“The overgrown trees and creepers around may give the impression that no one stays here, but we do,” says Mukund Savani on the phone guiding us to his squat stone bungalow Narendra Nivas, on the leafy lanes of Kumbarvada in Mt. Abu, Rajasthan.

The fascination doesn’t end with the bungalow: for every visitor to the Nivas is routinely offered a glass of water and told that it's rain water which is stored year-round in age-old brass pots and drums, acquired from bhangar shops in Kutch and Saurashtra.

For over 20 years now those visiting the rocky hill station,especially followers of Brahma Kumaris from the US and Europe, have been making a beeline to the bungalow, which also houses a boutique Ayurveda pharmacy, MARS, short for Mt Abu Ras Shala. The bungalow was built in the mid-1930’s.

The pharmacy’s products are made of natural herbs and come as tonics and powders for a plethora of ailments. His Chyavanprash Special, made of 70-plus herbs is cooked in ghee for over eight hours, cooled for two days before being packed and retailed for ₹550 for 500 gm. Last year, MARS had a turnover of₹30 lakh.

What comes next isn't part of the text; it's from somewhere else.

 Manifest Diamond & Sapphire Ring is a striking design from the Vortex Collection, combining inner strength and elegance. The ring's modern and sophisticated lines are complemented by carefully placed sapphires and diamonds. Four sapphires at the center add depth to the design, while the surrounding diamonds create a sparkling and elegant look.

“I came here in 1983 and fell in love with this place. Three years later I acquired this bungalow along with 16 acres of agricultural land and moved in with my wife Shraddha and our two toddler kids after having stayed in the US for over two decades,” says 74-year-old Savani, a chemical engineer.

And why the shift from chemical engineering to Ayurveda? “While in the US, I worked with Celanese Plastics as a research chemist and helped develop high temperature resistant plastic polymer used in exterior coating of NASA Space Shuttle, way back in the late 1960s,’’ says Savani.

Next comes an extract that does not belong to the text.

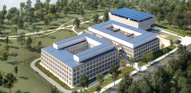 The hospital design is modular and highly flexible. Prefabricated sandwich panels, including insulation, windows and interior finishes, ensure the building is wind- and watertight immediately after the structural phase. This allows finishing work to start right away and makes future extensions or functional changes easy to implement. The fully electric facility incorporates solar energy, rainwater harvesting and underground energy storage, significantly reducing its ecological footprint. By strongly focusing on day hospitalisation and outpatient care, the hospital can operate with 100 fewer beds – without compromising the quality of care.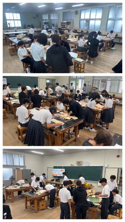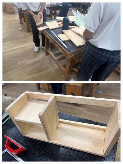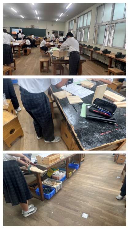 1年2組は、技術の時間で木材作品制作に取り組んでいました。

Interested in Ayurveda and yoga since his school days in Amreli, Saurashtra, he quit his job to teach yoga, started a health food shop in Westfield, New Jersey. Savani lived in a commune and became a hippy like many others in the USA of the 1970s. In between his stint as an engineer and an Ayurveda enthusiast, he even sold saris to the Indian diaspora.

It was during a trip to Mt Abu in 1983, Savani, then 41, decided to bid goodbye to his flourishing sari business and lead a life of a recluse, pursuing his passion for herbal cures.

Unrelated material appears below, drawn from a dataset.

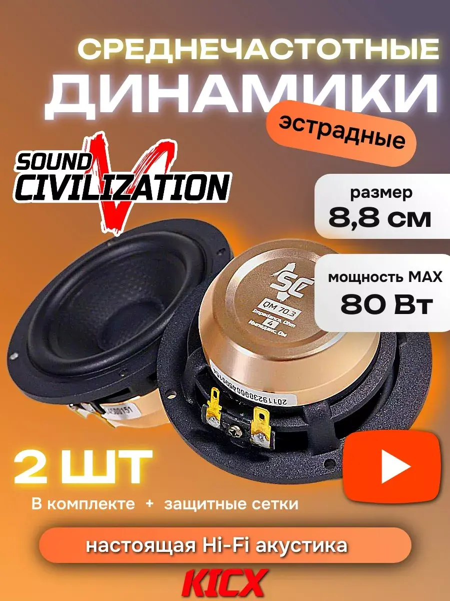 Настоящая Hi-Fi акустика для создания трехполосного фронта. Набор автомобильных колонок в рамзмере 8,8 см разработан специально для очень требовательных ценителей музыки различного жанра. Позволяет добиться кристалически чистого звучания автоакустики. Автомобильные, широкополосные колонки Sound Civilization QM 70.3 - это комплект из двух среднечастотных, маленьких, круглых динамиков в размере 8,8 см с номинальной мощностью 25 и макисмальной 50 Вт. Автоколонки на неодимовом магните, литой алюминиевой корзине с бутилкаучуковым подвесом. Автодинамики имеют диффузор из стеклопластикового компаунда. При использовании в комплекте с системой Sound Civilization QD 6.2 вы получаете полную картину возможностей, данной акустической системы. Будут отличным подарком для ценителей автозвука. Оригинальный товар с гарантией от производителя.

As a first step to intermingle with the locals, in 1986, he got involved in a tree plantation drive undertaken by the Abu Environmental Conservation Committee. “During one of my visits to a government nursery here, I realised that there were hardly any takers for the plants. So I took the initiative of buying saplings and distributing them. I must have given out around 50,000 saplings over seven years,” recalls Savani.

At the same time he continued his tryst with Ayurveda. He experimented with different combinations of herbs to produce diverse products and offered them to friends and acquaintances. When the feedback was positive, he obtained an Ayurvedic pharmacy license in May 1995 and began commercial production.

Currently MARS has a bouquet of over 40 products which he retails solely through his pharmacy, refusing offers from leading health food stores and malls to stock them.

“Mine is a one-man pharmacy and we are aware of our limits. More volumes means abandoning good manufacturing practices which we are against,” concludes Savani.